Upon hearing that Sen. Marco Rubio, R-Fla., was raising money on Wall Street after just voting “no” on Superstorm Sandy relief, Rep. Peter King, R-N.Y., stated, “It’s absolutely disgraceful that any senator or congressman who’s running for president and voted to deny funds for New York and Long Island and New Jersey after Sandy should have the nerve to come into New York to try to raise money.”
Since then, Texas Republicans Sen. Ted Cruz and Rep. Bill Flores, who also voted against Sandy aid, have been pilloried as hypocrites for seeking federal assistance after last month’s Texas fertilizer plant explosion.

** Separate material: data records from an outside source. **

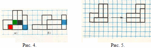 Пусть есть уголок, содержащий клетку первой или второй строки. Возьмём самый правый из таких уголков. Ясно, что красная клетка на рис. 4 (уголок, изображенный на нём, – самый правый) покрыта горизонтальным прямоугольником, иначе укладка вылезет за пределы полосы. Синяя клетка либо лежит за пределами полосы, либо покрыта вертикальным прямоугольником – (здесь есть два случая – а) и б)). В случае б) укладка невозможна – это видно из рисунка. В случае а) раз синяя клетка покрыта вертикальным прямоугольником, то чёрная и зелёная клетки тоже покрыты вертикальными прямоугольниками. Перестроив конфигурацию, как показано на рис. 5, мы "поднимем" уголок так, что он уже не будет содержать клеток первых двух строк.
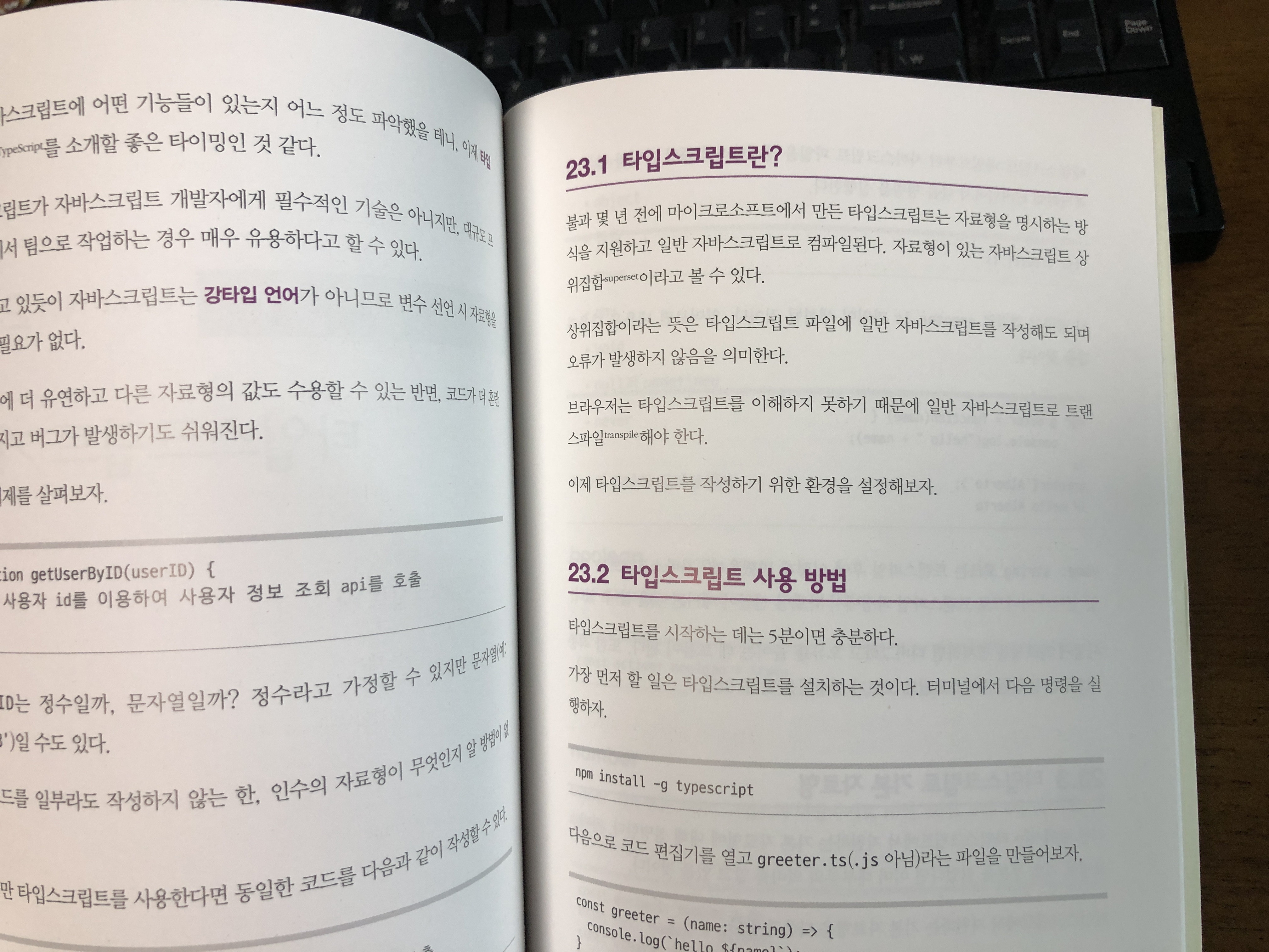 고맙게도 이 책은 타입스크립트(TypeScript)까지 다루고 있습니다. 제 실력이 부족한 탓인지 파이썬과는 달리 자바스크립트로 좀 복잡한 프로그램을 개발하다 보면 코드의 가독성이 떨어지는 문제가 있습니다. 이런 문제에 타입스크립트가 도움이 될 것 같습니다. 이 책의 저자도 모든 자바스크립트 개발자가 타입스크립트를 알아야 한다고 말합니다.
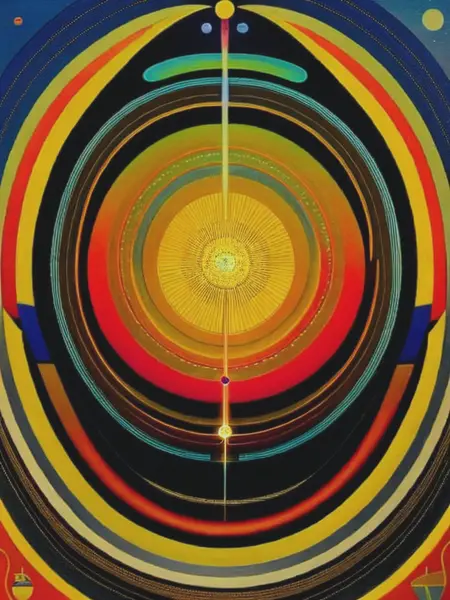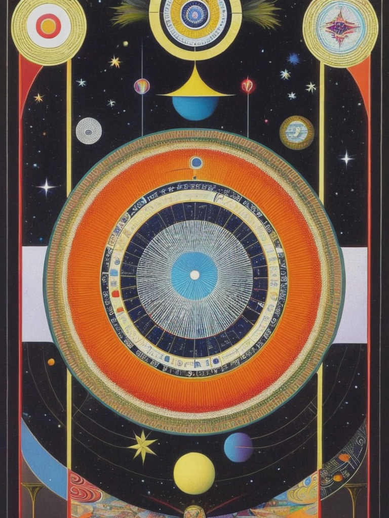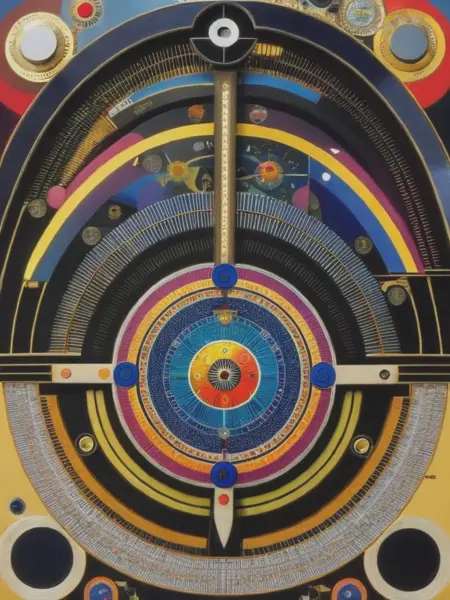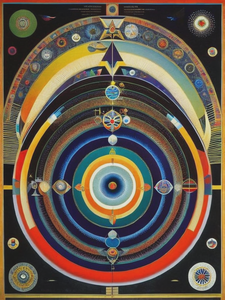 Laffoley's artworks were complex and multidimensional, incorporating intricate diagrams, symbols, and text alongside vibrant and meticulously rendered imagery. His paintings often depicted his visionary experiences, exploring topics such as metaphysics, time travel, cosmology, and the nature of consciousness.

That disaster relief legislation, which passed historically quickly and without partisan rancor, could become so contentious may be symptomatic of our increasingly zero-sum political funding environment. For much of the transportation industry, which is traditionally dependent on public sector funding, we ignore these changes at our peril.
The two political parties, with all their arguing about taxes and budgets, are consuming Washington. The Democrats advocate investing in our future, while Republicans want to avoid a future that looks like Greece.
Meanwhile, we’re missing a larger irony. In the 2008 presidential election, 21 states voted for John McCain, who articulated policies of lower taxes and smaller government; 20 of those states, however, received more from the federal government than they paid. Conversely, 16 of 17 states that paid more than they received voted for President Obama. Perhaps Rep. King needs to remind his Republican brethren about the need for their states to live within their means.
Such a strict state balancing act flies in the face of what a national government is supposed to do. Transportation funding has no such problem. According to the Government Accountability Office, every state received more federal highway funding than they contributed in the 2005-09 period. This was possible because the funding mechanism is broken. Congress authorized more funding than was collected, and the Highway Trust Fund received $30 billion in general revenue since fiscal 2008 to fill the shortfall.
Despite near-universal acclaim for passing MAP-21, neither Congress nor the administration has addressed the reality that highway funding is insufficient to meet our nation’s long-term needs. Nor is there much optimism that President Obama’s call for $50 billion for immediate transportation investment to spur job growth and improve transportation infrastructure that was in his recently proposed budget will get very far.
How, then, will our transportation infrastructure be funded? In his State of the Union address, President Obama called for funding a transportation infrastructure bank that would leverage public funds 4-to-1. This sounds appealing, but it would change the federal government’s role from funding transportation infrastructure to merely financing it.
This puts the burden squarely on the states, where the “no new taxes” mantra rules out increasing the fuel tax. (Attempts to consider it a “user fee” seem to have been discarded as an unsuccessful canard.)
Earlier this year, Virginia Gov. Bob McDonnell pursued a rather radical policy by replacing the state fuel tax with a sales tax. This is estimated to increase the funding available, but its arithmetic is based on citizens of neighboring states buying gas in Virginia, rather than in their own state. It also assumes oil companies won’t seek to capture some of the lowered tax by raising the wholesale price of fuel. (Gov. McDonnell’s plan addresses one of the challenges of traditional highway funding — higher mileage cars paying less fuel tax per-mile driven — by imposing a $100 surtax on hybrid cars.) Only time will tell if the politicians or the economists are correct.
For some, the solution of reinstating earmarks, traditional pork barrel politics, could solve myriad problems. Once a routine part of congressional funding — especially for surface transportation — earmarks have been effectively discarded since 2006.
Sean Kelly, a political science professor at California State University, says the appropriations process has “melted down” since then. Congressional appropriation committees now attract partisans seeking to enforce doctrine, rather than pragmatists looking to accomplish tasks, he maintains. The latter no longer wish to serve there because there are no “goodies” to bring back to their constituents.
Matthew Yglesias of Slate magazine went further, saying the current Congress is “one in which leaders can neither discipline their rowdy base nor court vulnerable members with blandishments.”
Neither political party is covered with glory — neither seems willing to take the high road. Moreover, if funding mechanisms aren’t fixed, there might be no road at all.